There is more mobility among voters, a phenomenon which has come to stay. What is worrying, in SAK and among all people with low salaries and lower education, is that fewer people are voting. This is a greater threat than whether they are True Finns, Greens or Social Democrats. Jarkko Eloranta considers this to be a democratic problem. Policies are decided by those who vote, i.e. the well educated and well paid.

Jarkko Eloranta is himself a Social Democrat, it goes with the job. But this time we are not discussing Social Democracy or opposition politics. 

It created a certain amount of fuss when Eloranta during an interview with the major newspaper Helsingin Sanomat failed to remember the first lines of the Internationale. “ ”So come brothers and sisters” was changed with ”Forwards, forwards” from a Finnish workers’ march. He now explains this by saying that May Day has never been part of his traditions. 

“I have not been an active party member or taken an active part in any first of May celebrations or marches. My engagement and ties to the movement gets inspiration from other channels,” explains Jarkko Eloranta.

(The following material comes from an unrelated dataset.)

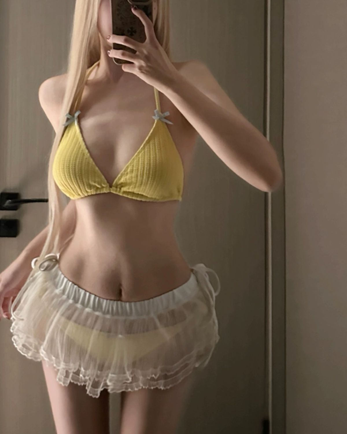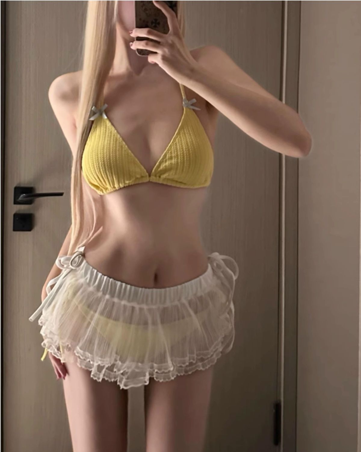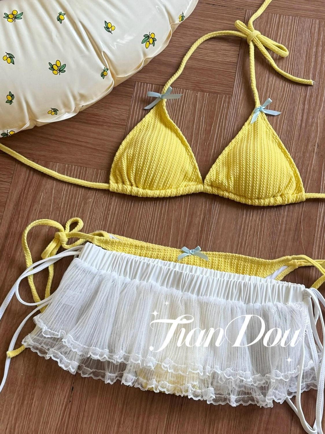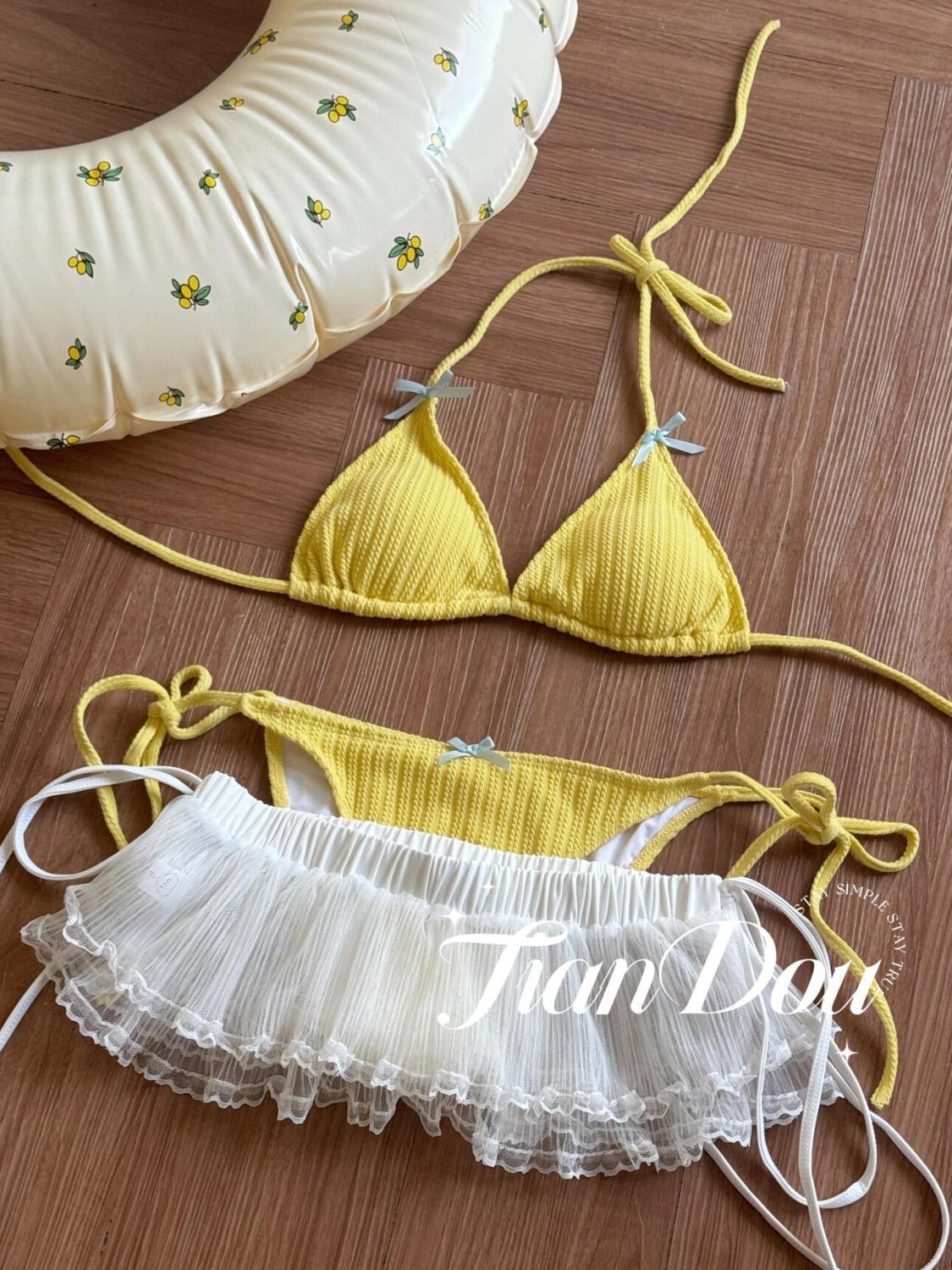 [작은 밀크 푸] 귀여운 노란색 주름진 소녀 순수한 섹시한 수영복 비키니 3 점 스플릿 온천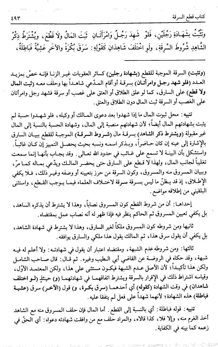 ـــــــــــــــــــــــــــــQ (وَتَثْبُتُ) السَّرِقَةُ الْمُوجِبَةُ لِلْقَطْعِ (بِشَهَادَةِ رَجُلَيْنِ) كَسَائِرِ الْعُقُوبَاتِ غَيْرِ الزِّنَا فَإِنَّهُ خُصَّ بِمَزِيدِ الْعَدَدِ (فَلَوْ شَهِدَ رَجُلٌ وَامْرَأَتَانِ) بِسَرِقَةٍ أَوْ أَقَامَ الْمُدَّعِي شَاهِدًا بِهَا وَحَلَفَ مَعَهُ (ثَبَتَ الْمَالُ وَلَا قَطْعَ) عَلَى السَّارِقِ، كَمَا لَوْ عَلَّقَ الطَّلَاقَ أَوْ الْعِتْقَ عَلَى غَصْبٍ أَوْ سَرِقَةٍ فَشَهِدَ رَجُلٌ وَامْرَأَتَانِ عَلَى الْغَصْبِ أَوْ السَّرِقَةِ ثَبَتَ الْمَالُ دُونَ الطَّلَاقِ وَالْعِتْقِ.

Facts about ‘The Competitiveness Pack’

A central agreement on wages and other working conditions between the social partners: SAK, the Finnish Confederation of Professionals STTK, Confederation of Unions for Professional and Managerial Staff in Finland AKAVA, the Confederation of Finnish Industries EK and the state and church labour market agencies as well as statens och kyrkans arbetsmarknadsverk och the Local Government Employers KT. Some of SAK’s member organisations have not signed, among them the Transport Workers’ Union AKT. Some of the main points: 

- Working hours to rise by 24 hours a year. Public sector workers also loose 30 percent of their holiday pay. No wage increases for anyone.

- The theory is that when the price for labour falls, Finland becomes more competitive. The export industry should benefit from the agreement. 

- The government says the agreement will help reach the aim of increasing the employment rate to 72 percent and create 110,000 new jobs in Finland by the end of this parliamentary term in 2019. 

 When a large enough part of the labour market has signed, more than 90 percent, the government promises to cut taxes to avoid a too big fall in purchasing power.  A “Finland model” lays out the principles for the 2017 wage negotiations. Four criteria will decide the size of wage increases: External competition, the public economy, the employment rate and productivity. The export industry will determine the wage increase ceiling. The government started negotiations when it came to power in the spring of 2015. If the agreement had failed, the government had a plan B, a list of further savings and tax increases. The so-called forced legislation would have shortened holidays and axed various social benefits.

One minute interview

Your dream job as a child?

“In the 80s Finnish TV broadcast small information films on job choices, where a little boy said he wanted to become ”lakaisukoneenkuljettaja” – a driver of a street cleaning car. It was my dream too to work with different kinds of machines; tractors, trucks. The dream partly materialised. I now own a West German tractor from 1968. 

Your favourite tool?

“At work, as President, it is no doubt my laptop. But in my spare time it is the chainsaw. Or the axe, for a relaxing bout of wood chopping.”

Your hidden talent?

“I was good at surfing when I was younger, and I should still manage to handle the surfboard. But nothing including singing and dancing. I don’t sing drinking songs nor workers’ marches.

Which book are you reading?

Ulla-Lena Lundberg’s “Is” and Jari Sarasvuo: Välähdyksiä pimeässä ja pimeitä välähdyksiä (the book has not been translated. The author is a businessman specialising in leadership and coaching. The title means Glimmers of darkness and the darkness glimmers).